Excluding Barneys New York, which Jones Apparel acquired in the second half of last year, comparable store sales for the company’s owned footwear and ready-to-wear stores were down 3.7%, and company officials attributed the increase in Q1 revenues to the addition of Barneys. “We are very encouraged by the continued strong performance of our Barneys New York luxury retail business that generated a comparable store sales increase of 10.7%,” Bonepath told analysts. “But gross margin pressure in our wholesale footwear, accessories and junior denim businesses dampened our overall results.”

“The acquisition of Barneys, as well as Maxwell Shoe, added $180.7 million to our revenues during the quarter,” Wesley Card, the company’s COO and CFO told analysts yesterday. “Our operating profit margin was 11.7% compared to 13.3% in the prior year, primarily because of our footwear, accessories and our l.e.i junior denim business. Our operating cash flow during the period improved by $25.1 over Q1 2004, as our working capital planning remained disciplined.”

Card also reported that inventory at the end of Q1 was $645.8 million, up from $570 million, but again it was the Barney’s New York and Maxwell Shoe factor.
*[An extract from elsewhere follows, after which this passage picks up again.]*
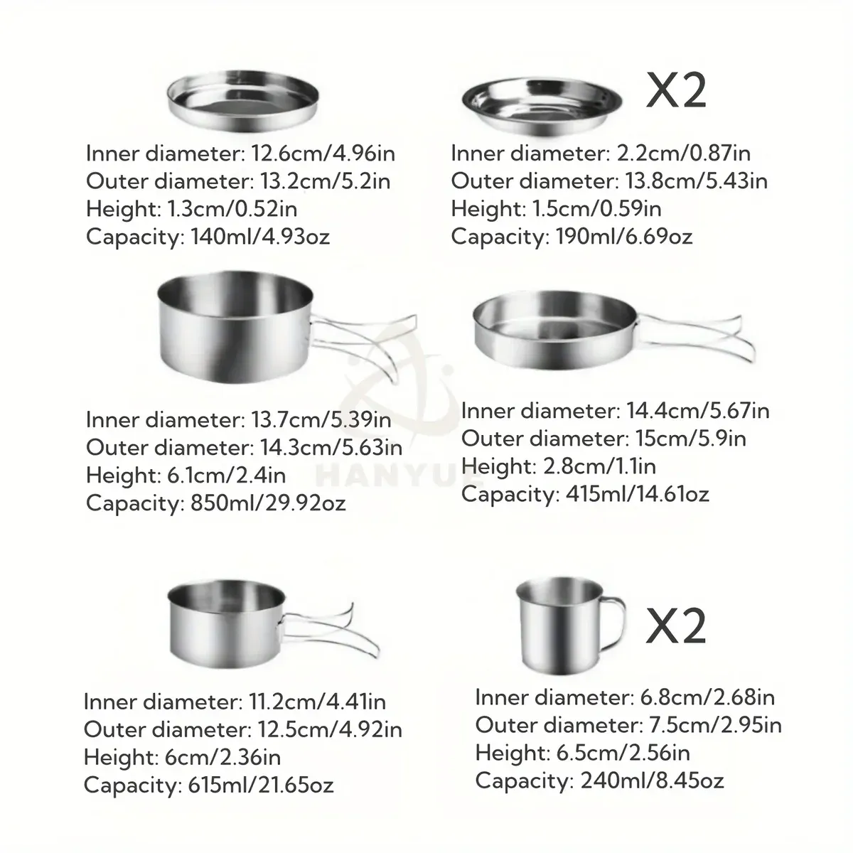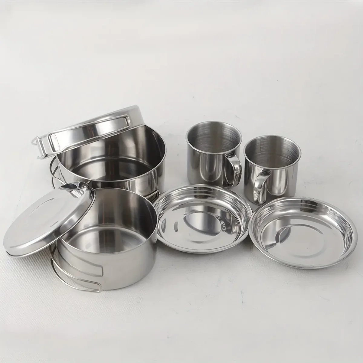 This stainless steel cookware system is designed for outdoor cooking and boiling tasks during camping and travel. The set includes multiple components that nest together for organized storage and transport. A metal construction supports repeated handling and routine cleaning. The compact form factor helps reduce space in packs and storage areas.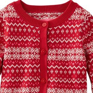 NWT Oshkosh B'gosh Toddler Baby Girls Sweater RED Fair Isle Button-Down Rib Cuff & Neckline 18 Months

If you subtract the latter two, inventory at the end of Q1 was actually down 3% from a year earlier.

And the ongoing results have forced Jones Apparel to slightly lower its sights a bit for the rest of the year.

“We feel that it is prudent to maintain a cautious outlook for the remainder of the year, with customer consolidation and macroeconomic issues potentially creating consumer concerns,” Bonepath told analysts. “For that reason, we are tightening our 2005 expected revenue to a range of $5.20 to $5.25 billion, and our projected earnings per share to a range of $2.75 to $2.85.

“Over the long term, we remain confident in our multi-brand, multi-channel business model, which serves as the cornerstone of our strategy,” Bonepath concluded.

Jones Apparel, a designer, marketer and wholesaler of branded apparel, footwear and accessories, also sells directly to consumers through its specialty stores and its Barneys New York luxury stores. Besides Jones New York, its brands include Evan-Picone, Gloria Vanderbilt, Nine West, Bandolino, Joan & David, Anne Klein and Barneys New York, to name a few. The company also markets apparel under the Polo Jeans brand licensed from Polo Ralph Lauren; costume jewelry under the Tommy Hilfiger brand licensed from Tommy Hilfiger Licensing and the Givenchy brand licensed from Givenchy Corp; and footwear under the Dockers Women brand licensed from Levi Strauss.